Last Sunday, I visited a friend of a friend, who was in hospice with terminal cancer. I’d spent maybe half a dozen times with Brian and my friend Lois, joyfully eating late afternoon snacks, drinking white wine, and talking about the great questions of life. Brian was in seminary for some of that time, contemplating some of the wild cats of modern Christian theology – I remember a long conversation about John Shelby Spong, a favorite of my friend, who’s argued that Christianity needs to radically change or it may just die off. It was always interesting to participate in these cross-religious dialogues, to consider Jesus as an outsider, and to have outsiders consider Zen and Buddhism with me.
During the visit, it was clear that Brian was fading. He tried to talk to us, but really couldn’t muster the strength to say anything coherently. I remember looking into his eyes, and saying “I miss our talks” and I’m almost sure he tried to say to me “Maybe we’ll have another.”

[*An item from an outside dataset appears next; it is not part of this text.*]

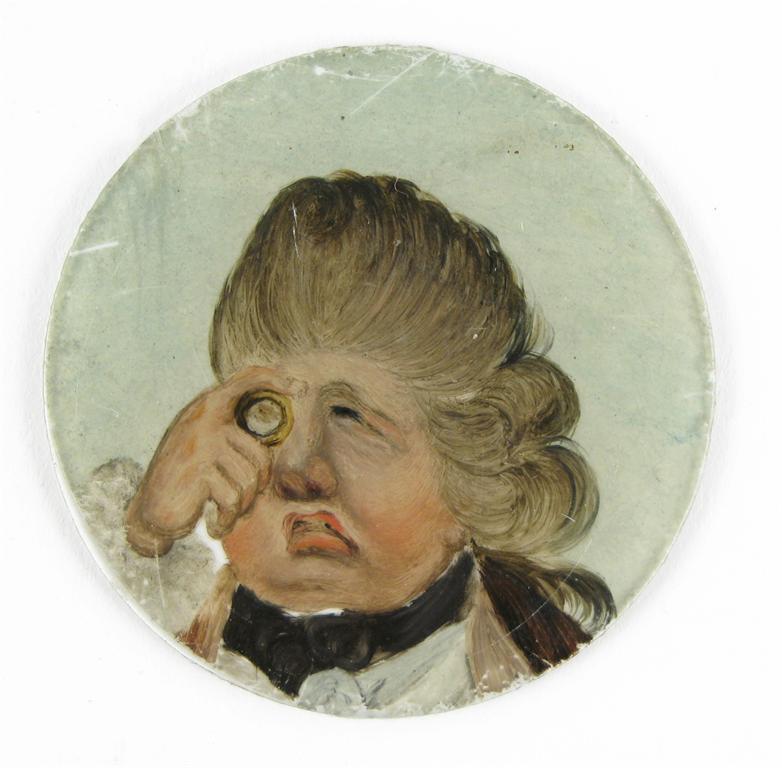 English School 18th Century Portrait of a gentleman holding an eye glass Circular

We never got another chance. He died Thursday. Not even 60 years old, Brian still left a mark on the world by staying on his path, and doggedly pursuing the mysteries of this life. Even with cancer ravaging his body, he continued his seminary studies until he was unable to stand any longer. More than anything, it’s his almost musical passion for pursuing the divine that I’ll remember most.
Something about that last visit with Brian brought to mind the relatively unknown early 20th century painter Ciurlionis. Mikalojus Konstantinas Čiurlionis was a Lithuanian painter and composer who, despite living only 35 years, composed nearly 250 pieces of music and completed almost 300 paintings. A contemporary of folks like Kandinsky and Franz Marc, Ciurlionis was highly inspired by both spirituality and nature. His paintings are frequently bursting with intensity, while also almost being so liminal as to slide into abstraction. They are, like Brian on the final day, hovering between this life and the beyond. Of here, and yet not. Able to powerfully speak to us, even though the paint is crumbling.
I remember once singing a Jewish meal blessing with Brian and Lois before dinner. Brian was interested in the meaning of every word. How reverence could come from even the most simple of syllables.
Barukh ata Adonai Eloheinu melekh ha’olam hamotzi lehem min ha’aretz.
Blessed are You, Lord our God, Ruler of the universe, who brings forth bread from the earth.
With a bladder that only functioned through catheterization, he knew – as I have come to know – that what lasts in this world is also fleeting. There is no way to hold on forever. Nor is there a need to.
I miss our talks Brian. But they live on. Differently. As do I.